1. Start with Profiling

Always profile before optimizing:

import time
from core.utils.logging import get_logger

logger = get_logger(__name__)

# Baseline measurement
start = time.time()
result_baseline = entropy(data, bins=30)
baseline_time = time.time() - start
logger.info(f"Baseline: {baseline_time:.3f}s")

# Optimized version
start = time.time()
result_optimized = entropy(data, bins=30, use_float32=True, chunk_size=10000)
optimized_time = time.time() - start
logger.info(f"Optimized: {optimized_time:.3f}s, speedup: {baseline_time/optimized_time:.2f}x")

2. Choose Appropriate Chunk Sizes

# Rule of thumb: chunk_size ≈ sqrt(data_size) to 2*sqrt(data_size)
import numpy as np

data_size = len(data)
recommended_chunk = int(np.sqrt(data_size))
chunk_size = min(max(recommended_chunk, 1000), 1_000_000)

result = entropy(data, chunk_size=chunk_size)

3. Combine Optimizations

# For maximum efficiency, combine multiple optimizations
def process_large_dataset(data):
    """Process large dataset with all optimizations."""
    from core.indicators.entropy import EntropyFeature
    from core.data.preprocess import scale_series
    
    # Scale with float32
    scaled = scale_series(data, method="zscore", use_float32=True)
    
    # Compute entropy with chunking and float32
    feature = EntropyFeature(
        bins=50,
        use_float32=True,
        chunk_size=100_000
    )
    
    result = feature.transform(scaled)
    return result

4. Monitor in Production

from core.utils.metrics import get_metrics_collector, start_metrics_server
from core.utils.logging import configure_logging

# Setup monitoring
configure_logging(level="INFO", use_json=True)
start_metrics_server(port=8000)

# Your application code
metrics = get_metrics_collector()
# ... metrics are automatically collected

Performance Examples

Example 1: Memory-Constrained Environment

"""Optimize for low-memory environments."""
import numpy as np
from core.indicators.entropy import EntropyFeature
from core.indicators.hurst import HurstFeature
from core.indicators.ricci import MeanRicciFeature

# Create memory-efficient features
entropy_feat = EntropyFeature(
    bins=30,
    use_float32=True,
    chunk_size=50_000
)

hurst_feat = HurstFeature(
    min_lag=2,
    max_lag=50,
    use_float32=True
)

ricci_feat = MeanRicciFeature(
    delta=0.005,
    chunk_size=1000,
    use_float32=True
)

# Process large dataset
large_data = np.random.randn(5_000_000) + 100

# Memory-efficient processing
entropy_result = entropy_feat.transform(large_data)
hurst_result = hurst_feat.transform(large_data)
ricci_result = ricci_feat.transform(large_data[:10_000])  # Subsample for Ricci

print(f"Entropy: {entropy_result.value:.4f}")
print(f"Hurst: {hurst_result.value:.4f}")
print(f"Ricci: {ricci_result.value:.4f}")
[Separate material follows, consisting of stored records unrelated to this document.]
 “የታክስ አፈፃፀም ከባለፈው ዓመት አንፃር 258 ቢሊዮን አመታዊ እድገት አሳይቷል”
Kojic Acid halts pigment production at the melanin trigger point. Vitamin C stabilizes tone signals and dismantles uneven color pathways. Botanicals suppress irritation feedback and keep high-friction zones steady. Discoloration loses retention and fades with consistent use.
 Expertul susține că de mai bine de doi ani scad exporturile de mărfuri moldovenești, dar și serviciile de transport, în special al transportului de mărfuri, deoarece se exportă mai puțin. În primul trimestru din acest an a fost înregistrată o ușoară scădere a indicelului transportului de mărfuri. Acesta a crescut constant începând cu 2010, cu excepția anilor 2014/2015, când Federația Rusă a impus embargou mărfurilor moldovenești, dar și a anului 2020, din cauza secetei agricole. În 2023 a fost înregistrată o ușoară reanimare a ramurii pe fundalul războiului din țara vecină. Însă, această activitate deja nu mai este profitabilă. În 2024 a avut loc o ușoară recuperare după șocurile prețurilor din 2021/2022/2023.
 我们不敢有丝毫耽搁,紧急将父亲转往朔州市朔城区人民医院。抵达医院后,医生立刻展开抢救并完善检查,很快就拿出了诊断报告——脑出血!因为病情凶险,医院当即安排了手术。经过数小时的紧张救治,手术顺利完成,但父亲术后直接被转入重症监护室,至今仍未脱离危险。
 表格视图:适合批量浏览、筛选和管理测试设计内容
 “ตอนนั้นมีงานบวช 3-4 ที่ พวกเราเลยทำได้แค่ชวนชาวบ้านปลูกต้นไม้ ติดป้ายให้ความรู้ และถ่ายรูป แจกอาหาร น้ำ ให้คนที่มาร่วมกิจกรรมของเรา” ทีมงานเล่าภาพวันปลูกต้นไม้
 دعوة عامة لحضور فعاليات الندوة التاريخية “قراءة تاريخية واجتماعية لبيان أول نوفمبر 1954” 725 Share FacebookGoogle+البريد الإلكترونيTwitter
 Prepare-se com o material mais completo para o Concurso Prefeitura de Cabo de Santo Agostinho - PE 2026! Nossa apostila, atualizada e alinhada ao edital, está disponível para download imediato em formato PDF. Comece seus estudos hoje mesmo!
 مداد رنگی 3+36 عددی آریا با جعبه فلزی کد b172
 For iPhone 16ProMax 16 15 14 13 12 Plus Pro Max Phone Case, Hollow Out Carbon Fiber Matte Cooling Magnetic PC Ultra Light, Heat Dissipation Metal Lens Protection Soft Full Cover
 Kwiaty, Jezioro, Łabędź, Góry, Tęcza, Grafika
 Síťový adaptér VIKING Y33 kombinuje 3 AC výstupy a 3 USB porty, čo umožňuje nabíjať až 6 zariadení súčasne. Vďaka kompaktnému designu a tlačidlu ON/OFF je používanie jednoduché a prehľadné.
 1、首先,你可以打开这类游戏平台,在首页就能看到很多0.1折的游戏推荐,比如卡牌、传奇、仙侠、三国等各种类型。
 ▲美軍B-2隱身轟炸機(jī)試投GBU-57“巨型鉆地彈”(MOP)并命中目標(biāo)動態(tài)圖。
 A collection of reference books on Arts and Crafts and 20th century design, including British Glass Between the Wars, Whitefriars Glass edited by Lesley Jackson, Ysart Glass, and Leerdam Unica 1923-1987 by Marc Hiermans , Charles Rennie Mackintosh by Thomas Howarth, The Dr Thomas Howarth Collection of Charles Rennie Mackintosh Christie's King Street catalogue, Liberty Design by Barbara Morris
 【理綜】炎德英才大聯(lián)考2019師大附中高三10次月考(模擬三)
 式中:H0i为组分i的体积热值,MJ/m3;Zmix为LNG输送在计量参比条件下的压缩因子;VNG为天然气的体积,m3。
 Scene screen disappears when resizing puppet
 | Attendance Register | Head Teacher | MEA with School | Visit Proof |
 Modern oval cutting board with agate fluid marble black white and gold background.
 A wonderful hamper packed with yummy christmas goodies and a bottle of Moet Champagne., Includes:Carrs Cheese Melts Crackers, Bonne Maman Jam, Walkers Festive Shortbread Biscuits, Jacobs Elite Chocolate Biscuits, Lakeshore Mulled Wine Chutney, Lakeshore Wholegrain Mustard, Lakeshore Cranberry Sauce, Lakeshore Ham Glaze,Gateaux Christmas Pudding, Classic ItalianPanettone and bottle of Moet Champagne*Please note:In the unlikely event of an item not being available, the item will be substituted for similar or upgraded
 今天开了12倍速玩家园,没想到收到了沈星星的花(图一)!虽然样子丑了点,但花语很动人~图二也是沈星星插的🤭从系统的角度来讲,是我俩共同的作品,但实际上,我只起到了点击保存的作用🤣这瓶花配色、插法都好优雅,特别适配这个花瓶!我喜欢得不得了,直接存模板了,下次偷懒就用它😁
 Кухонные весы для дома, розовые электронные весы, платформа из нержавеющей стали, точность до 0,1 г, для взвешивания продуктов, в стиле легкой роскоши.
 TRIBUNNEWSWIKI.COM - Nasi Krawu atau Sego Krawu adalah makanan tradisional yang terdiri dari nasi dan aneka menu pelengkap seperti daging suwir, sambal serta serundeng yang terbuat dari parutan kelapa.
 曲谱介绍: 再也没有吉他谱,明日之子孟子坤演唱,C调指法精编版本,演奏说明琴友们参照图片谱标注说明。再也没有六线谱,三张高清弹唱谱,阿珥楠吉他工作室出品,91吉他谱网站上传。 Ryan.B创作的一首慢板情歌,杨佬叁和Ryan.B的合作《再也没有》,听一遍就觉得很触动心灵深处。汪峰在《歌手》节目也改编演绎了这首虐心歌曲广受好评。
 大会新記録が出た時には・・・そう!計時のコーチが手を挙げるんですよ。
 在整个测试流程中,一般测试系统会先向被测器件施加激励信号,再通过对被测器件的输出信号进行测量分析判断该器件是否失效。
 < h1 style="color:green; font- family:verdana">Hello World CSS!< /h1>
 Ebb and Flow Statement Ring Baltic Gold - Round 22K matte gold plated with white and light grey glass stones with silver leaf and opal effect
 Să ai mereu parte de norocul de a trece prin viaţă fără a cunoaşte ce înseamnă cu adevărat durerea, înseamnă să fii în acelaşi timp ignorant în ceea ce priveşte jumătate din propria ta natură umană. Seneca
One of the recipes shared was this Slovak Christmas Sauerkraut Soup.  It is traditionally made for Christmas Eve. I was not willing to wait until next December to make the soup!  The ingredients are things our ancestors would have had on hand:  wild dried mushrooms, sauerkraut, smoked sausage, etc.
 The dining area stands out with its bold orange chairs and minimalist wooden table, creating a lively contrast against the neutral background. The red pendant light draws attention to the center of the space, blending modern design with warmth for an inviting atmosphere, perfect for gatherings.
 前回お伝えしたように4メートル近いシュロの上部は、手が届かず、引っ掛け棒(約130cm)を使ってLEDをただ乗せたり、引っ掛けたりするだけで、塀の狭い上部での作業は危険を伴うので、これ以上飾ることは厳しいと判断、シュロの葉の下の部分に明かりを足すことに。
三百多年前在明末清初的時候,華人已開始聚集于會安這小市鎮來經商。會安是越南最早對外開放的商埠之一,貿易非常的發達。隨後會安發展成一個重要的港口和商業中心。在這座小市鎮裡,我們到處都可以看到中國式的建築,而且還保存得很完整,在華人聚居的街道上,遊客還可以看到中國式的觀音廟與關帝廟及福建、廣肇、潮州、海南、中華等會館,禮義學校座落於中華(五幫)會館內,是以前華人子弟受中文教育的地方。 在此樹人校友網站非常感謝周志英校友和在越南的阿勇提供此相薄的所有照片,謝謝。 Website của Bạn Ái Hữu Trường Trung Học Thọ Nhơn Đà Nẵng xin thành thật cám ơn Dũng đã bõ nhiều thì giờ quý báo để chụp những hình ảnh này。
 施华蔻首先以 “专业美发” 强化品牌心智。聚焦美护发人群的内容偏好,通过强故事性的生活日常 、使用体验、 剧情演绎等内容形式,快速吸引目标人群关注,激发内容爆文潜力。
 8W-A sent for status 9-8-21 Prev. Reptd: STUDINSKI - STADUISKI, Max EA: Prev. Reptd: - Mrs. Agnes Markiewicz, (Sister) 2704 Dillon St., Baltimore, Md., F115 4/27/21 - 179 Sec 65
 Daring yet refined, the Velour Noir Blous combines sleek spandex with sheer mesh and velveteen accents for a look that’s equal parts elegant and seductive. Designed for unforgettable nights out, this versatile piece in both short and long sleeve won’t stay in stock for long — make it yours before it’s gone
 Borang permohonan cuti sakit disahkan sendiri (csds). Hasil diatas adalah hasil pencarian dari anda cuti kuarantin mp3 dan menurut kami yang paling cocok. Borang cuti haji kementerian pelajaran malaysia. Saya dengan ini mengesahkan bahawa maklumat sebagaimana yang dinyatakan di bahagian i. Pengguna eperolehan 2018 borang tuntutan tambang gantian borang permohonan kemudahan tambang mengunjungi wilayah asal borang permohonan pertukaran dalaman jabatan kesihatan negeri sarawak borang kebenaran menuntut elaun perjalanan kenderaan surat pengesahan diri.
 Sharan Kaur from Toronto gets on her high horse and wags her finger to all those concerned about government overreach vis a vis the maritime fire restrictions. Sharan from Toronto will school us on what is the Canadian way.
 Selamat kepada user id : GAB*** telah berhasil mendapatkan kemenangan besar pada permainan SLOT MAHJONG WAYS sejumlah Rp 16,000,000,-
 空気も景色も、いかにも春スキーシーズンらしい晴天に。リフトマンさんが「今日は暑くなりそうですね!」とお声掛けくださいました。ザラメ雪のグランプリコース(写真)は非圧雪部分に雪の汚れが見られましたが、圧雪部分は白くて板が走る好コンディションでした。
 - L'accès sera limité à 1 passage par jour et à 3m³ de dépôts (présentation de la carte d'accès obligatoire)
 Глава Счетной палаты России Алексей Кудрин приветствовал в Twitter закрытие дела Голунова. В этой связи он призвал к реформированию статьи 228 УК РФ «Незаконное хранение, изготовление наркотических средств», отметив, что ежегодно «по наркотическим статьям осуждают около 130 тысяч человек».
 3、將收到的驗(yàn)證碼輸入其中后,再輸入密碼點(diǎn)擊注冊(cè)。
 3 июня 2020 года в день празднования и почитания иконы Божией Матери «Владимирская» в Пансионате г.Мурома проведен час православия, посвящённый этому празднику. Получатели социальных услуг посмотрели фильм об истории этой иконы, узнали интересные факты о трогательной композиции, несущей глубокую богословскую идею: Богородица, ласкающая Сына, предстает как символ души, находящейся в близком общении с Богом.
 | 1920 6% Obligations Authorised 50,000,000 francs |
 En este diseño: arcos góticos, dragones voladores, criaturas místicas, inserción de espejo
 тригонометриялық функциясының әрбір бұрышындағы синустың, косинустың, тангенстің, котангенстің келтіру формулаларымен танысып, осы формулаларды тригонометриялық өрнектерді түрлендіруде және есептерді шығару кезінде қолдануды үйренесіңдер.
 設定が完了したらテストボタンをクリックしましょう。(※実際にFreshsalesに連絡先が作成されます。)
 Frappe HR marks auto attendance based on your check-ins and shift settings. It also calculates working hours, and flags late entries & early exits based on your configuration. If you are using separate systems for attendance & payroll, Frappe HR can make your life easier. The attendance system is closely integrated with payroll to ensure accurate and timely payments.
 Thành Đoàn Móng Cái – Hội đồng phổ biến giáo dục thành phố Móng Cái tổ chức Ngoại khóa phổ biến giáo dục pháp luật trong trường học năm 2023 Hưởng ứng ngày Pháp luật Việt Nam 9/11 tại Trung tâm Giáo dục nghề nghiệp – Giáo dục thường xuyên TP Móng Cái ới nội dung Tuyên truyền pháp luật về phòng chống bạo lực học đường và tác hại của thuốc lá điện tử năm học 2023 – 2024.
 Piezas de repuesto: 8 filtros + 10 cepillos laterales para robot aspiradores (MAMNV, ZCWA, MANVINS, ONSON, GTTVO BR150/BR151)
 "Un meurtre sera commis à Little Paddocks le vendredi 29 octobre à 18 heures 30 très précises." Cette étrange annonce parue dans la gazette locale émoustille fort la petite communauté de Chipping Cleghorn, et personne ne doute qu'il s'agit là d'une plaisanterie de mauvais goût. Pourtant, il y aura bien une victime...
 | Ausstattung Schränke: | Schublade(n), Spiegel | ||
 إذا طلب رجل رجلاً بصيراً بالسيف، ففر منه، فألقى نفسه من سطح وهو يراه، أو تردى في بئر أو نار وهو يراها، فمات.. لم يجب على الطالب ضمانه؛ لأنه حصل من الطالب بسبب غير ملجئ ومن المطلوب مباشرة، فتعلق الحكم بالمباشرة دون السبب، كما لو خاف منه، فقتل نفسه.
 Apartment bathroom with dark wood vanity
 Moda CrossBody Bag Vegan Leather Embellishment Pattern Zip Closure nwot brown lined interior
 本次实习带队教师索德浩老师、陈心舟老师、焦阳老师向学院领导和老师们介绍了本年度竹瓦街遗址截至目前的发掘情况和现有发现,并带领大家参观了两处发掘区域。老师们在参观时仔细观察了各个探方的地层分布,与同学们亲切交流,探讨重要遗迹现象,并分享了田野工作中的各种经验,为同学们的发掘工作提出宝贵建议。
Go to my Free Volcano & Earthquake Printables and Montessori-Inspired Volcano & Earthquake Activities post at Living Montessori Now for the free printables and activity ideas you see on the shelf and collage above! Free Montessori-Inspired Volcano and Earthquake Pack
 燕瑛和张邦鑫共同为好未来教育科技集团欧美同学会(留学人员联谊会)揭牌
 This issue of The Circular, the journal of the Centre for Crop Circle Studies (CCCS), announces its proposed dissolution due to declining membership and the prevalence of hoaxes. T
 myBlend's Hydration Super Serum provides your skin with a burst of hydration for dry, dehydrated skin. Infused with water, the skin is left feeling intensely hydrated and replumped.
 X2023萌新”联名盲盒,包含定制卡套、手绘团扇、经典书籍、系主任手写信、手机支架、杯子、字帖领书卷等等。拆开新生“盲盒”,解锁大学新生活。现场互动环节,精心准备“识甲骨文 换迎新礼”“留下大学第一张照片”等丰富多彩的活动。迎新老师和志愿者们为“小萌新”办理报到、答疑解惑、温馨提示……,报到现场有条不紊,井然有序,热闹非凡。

Example 2: High-Throughput Pipeline

"""Optimize for maximum throughput."""
from concurrent.futures import ProcessPoolExecutor
from core.indicators.entropy import entropy
from core.indicators.hurst import hurst_exponent
import numpy as np

def process_batch(data_batch):
    """Process a batch of time series."""
    results = []
    for data in data_batch:
        h = entropy(data, bins=30, use_float32=True, chunk_size=10_000)
        hurst = hurst_exponent(data, use_float32=True)
        results.append({"entropy": h, "hurst": hurst})
    return results

# Generate test data
batches = [
    [np.random.randn(100_000) for _ in range(10)]
    for _ in range(100)
]

# Parallel processing
with ProcessPoolExecutor(max_workers=4) as executor:
    results = list(executor.map(process_batch, batches))

print(f"Processed {len(batches) * 10} time series")

Strategy Batch Evaluator

"""Evaluate large populations of strategies in parallel."""
import pandas as pd
from core.agent import Strategy, StrategyBatchEvaluator


class MeanReversion(Strategy):
    def simulate_performance(self, data: pd.DataFrame) -> float:
        return super().simulate_performance(data)


dataset = pd.read_parquet("/data/market.parquet")
strategies = [
    MeanReversion(name=f"mean_rev_{lookback}", params={"lookback": lookback})
    for lookback in range(10, 110, 10)
]

evaluator = StrategyBatchEvaluator(max_workers=8, chunk_size=8)
results = evaluator.evaluate(strategies, dataset)

for outcome in results:
    if outcome.succeeded:
        print(f"{outcome.strategy.name}: score={outcome.score:.3f}")
    else:
        print(f"{outcome.strategy.name} failed: {outcome.error}")

Example 3: Production Monitoring

"""Full production setup with monitoring."""
from core.utils.logging import configure_logging, get_logger
from core.utils.metrics import get_metrics_collector, start_metrics_server
from core.indicators.entropy import EntropyFeature
from core.indicators.hurst import HurstFeature
import numpy as np

# Setup
configure_logging(level="INFO", use_json=True)
start_metrics_server(port=8000)

logger = get_logger(__name__)
metrics = get_metrics_collector()

# Create features
entropy_feat = EntropyFeature(bins=30, use_float32=True, chunk_size=100_000)
hurst_feat = HurstFeature(use_float32=True)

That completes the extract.